Витька молчал, он понимал, что только что Наташка просто-напросто закрылась от него, — вот она, та самая стена, о которой предупреждал Мишка. И чем ее пробивать?!
Витька знал, что надо что-то делать, пока они тут, наедине, но когда твой опыт в отношениях с женщинами сводится к случайному перепиху, то откуда тебе знать, что нужно сказать, чтобы тебе поверили, приняли истину твоих слов? Как же страшно открыть душу. А вдруг там только пустота, пыль и паутина, как в заброшенном доме? Правда, даже если и так, все равно среди этой пустоты и заброшенности, как портрет на мольберте, теперь яркими красками сиял образ Наташки. И также стало ясно, что ключ от своей души придется вручать силой.
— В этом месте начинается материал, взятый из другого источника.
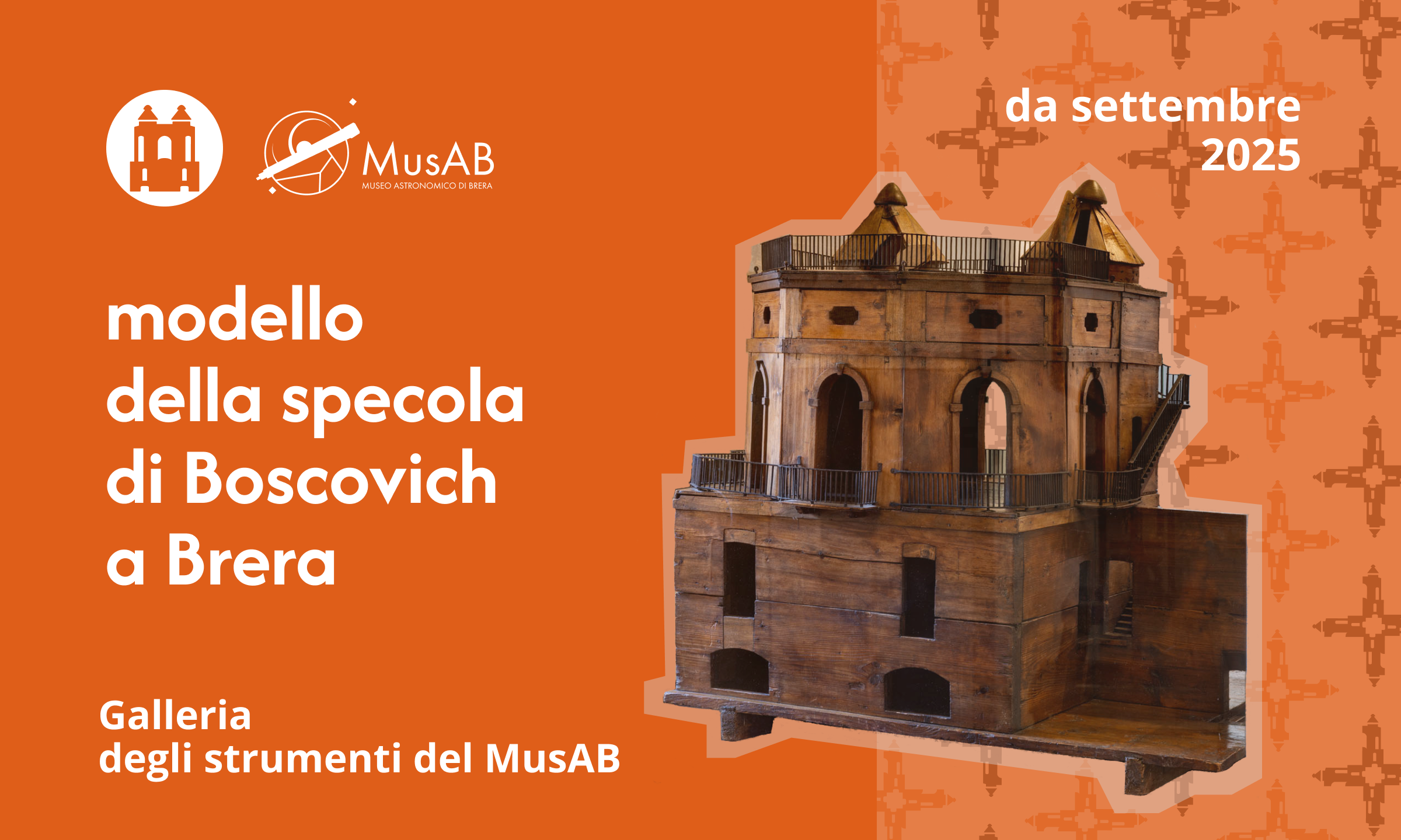 Per l’occasione, il percorso espositivo verrà arricchito dalla presenza del modello ligneo della torre osservativa progettata da Ruggero Boscovich e costruita nel 1765 sui tetti del Palazzo di Brera. Il modello, che rappresenta la prima sede dell’Osservatorio, farà ritorno a Brera per la prima volta dopo decenni di assenza.

— Да, ты дура! — рявкнул он. — Ты спрятала голову, как страус в песок. Только жизнь не просто пройдет мимо, она еще и даст пинок в торчащую кверху задницу. Если бы ты хотя бы попыталась кого-то пустить в свою душу!
— И что? Чтобы мне туда нагадил трипперный компьютерщик, не вылезающий из-под юбок?!
— Вот значит как?! А чем ты лучше?! Снимать незнакомых мужиков в баре, как потаскуха, лучше?!
— Убирайся! Да даже если у меня все паутиной от недотраха зарастет, я с тобой не лягу!
— Ну и хрен с тобой! Возомнила себя королевой?! Денежечки, рублюшечки! Скрудж в юбке! Типа я на паперти у церкви побираюсь! Да что ты обо мне знаешь?! Ничего!!! Да я даже когда сюда устраивался, тебя и в глаза не видел, да и сомневаюсь, чтобы ты хоть глазком заглянула в мое резюме! Нет, блин, внесла меня в список неблагонадежных и радуешься?!
— Да читала я на тебя досье: две строчки о профессионализме, а остальное про двадцать сантиметров члена. Занимательное чтиво.
— Так мне что, член урезать, чтобы ты меня всерьез восприняла? Что во мне кроме этого не так?
— Да у тебя даже машины нет! — ляпнула Наташка, понимая всю глупость претензии.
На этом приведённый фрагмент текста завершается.